One or more of several different attachments, selected based upon the desired cooking mode, may be positioned in cooking compartment 14. Each attachment will now be described. When microwave cooking, a glass plate 53, as shown in FIG. 3, is used when heating and cooking. Both a plastic thawing rack 54 and the glass plate are used when thawing. Boiled rice, side dishes, milk, etc., to be warmed are placed in containers put on glass plate 53. When thawing, thawing rack 54 is placed on glass plate 53. Then the food to be thawed is placed on thawing rack 54.
When oven cooking or grill cooking, metal baking trays 56 and 58 and/or a grill rack 60 are used, as shown in FIG. 1. Upper baking tray 56 and lower baking tray 58 are of the same construction, in the shape of a shallow square dish. Baking trays 56 and 58 can be placed on top supports 62 and bottom supports 64 on side walls of cooking compartment 14, respectively.
When oven cooking, at least one baking tray 56 or 58 is used. When grilling, grill rack 60 is always used only with upper baking tray 56 to position food close to grill heater 34. Grill rack 60 is positioned on upper baking tray 56, and the food is positioned on grill rack 60. When oven cooking and when grill cooking, glass plate 53 is removed from cooking compartment 14.

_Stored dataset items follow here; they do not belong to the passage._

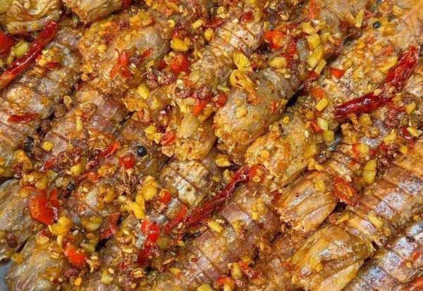準備食材:皮皮蝦,小米辣,幹辣椒,辣椒粉,白芝麻,花椒,蒜末,薑末。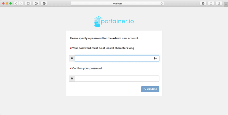 Now that Portainer is running you should be able to open your browser and enter http://localhost:9000/; you will be greeted by a screen which asks you to set a password for the admin user;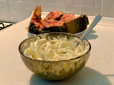Сверху на рыбу выложите лук с майонезом. Кроме лука можно еще положить в "шубку" натертые морковь и сыр.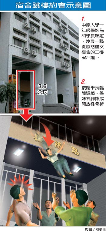 宿舍跳樓約會示意圖。來源:臺灣《聯合報》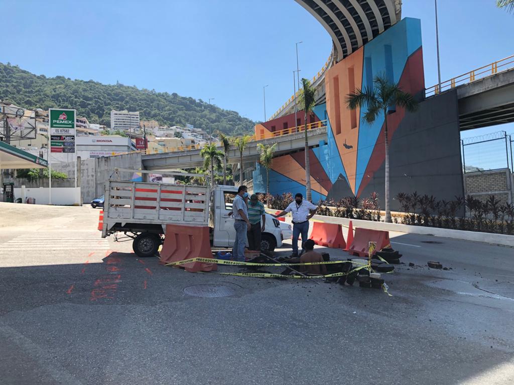 Acapulco, Gro., 05 de noviembre de 2020.- En dos días de intensas maniobras, trabajadores del área operativa de la Comisión de Agua Potable y Alcantarillado del Municipio de Acapulco (Capama) repararon una serie de fugas detectadas en la línea hidráulica de ocho pulgadas de diámetro, del sistema tanque Bandera a tanque Icacos, sobre la avenida Escénica.

Five pairs of transmission type photosensors 66 to 74 comprise light projectors such as infrared irradiation light emitting diodes 66a to 74a and photoceptors such as photodiodes 66b to 74b. Photosensors 66 to 74 are positioned on the exterior of the side wall of cooking compartment 14. The side wall of cooking has five pairs of holes 76 in accordance with light projectors 66a to 74a and photoceptors 66b to 74b. Photosensors 66 to 74 can detect attachments in cooking compartment 14 through holes 76. The first photosensor 66, which is located at the lowest position, can detect whether glass plate 53 is positioned in turntable 52. The second photosensor 68, which is located at the second lowest position, can detect whether lower tray 58 is hung on bottom supports 64. The third photosensor 70, which is located at the middle position, can detect whether thawing rack 54 is positioned on glass plate 53. The fourth photosensor 72, which is located at the second highest position, can detect whether upper tray 56 is hung on top supports 62. The fifth photosensor 74, which is located at the highest position, can detect whether grill rack 60 is on upper tray 56.
As shown in FIG. 3, when glass plate 53 is on turntable 52, first photoceptor 66b cannot receive light which is emitted by first light projector 66a, because glass plate 53 interrupts the light. When thawing rack 54 is on glass plate 53 in the thawing mode, third photoceptor 70b cannot receive light which is emitted by third light projector 70a as well, because thawing rack 54 interrupts the light.
As a result, the oven determines that the attachment in compartment 14 is glass plate 53 on the basis of the data from photoceptors 66b to 74b when only first photoceptor 66b does not receive light. The attachment is determined to be thawing rack 54 when only first and third photoceptors 66b and 70b do not receive light.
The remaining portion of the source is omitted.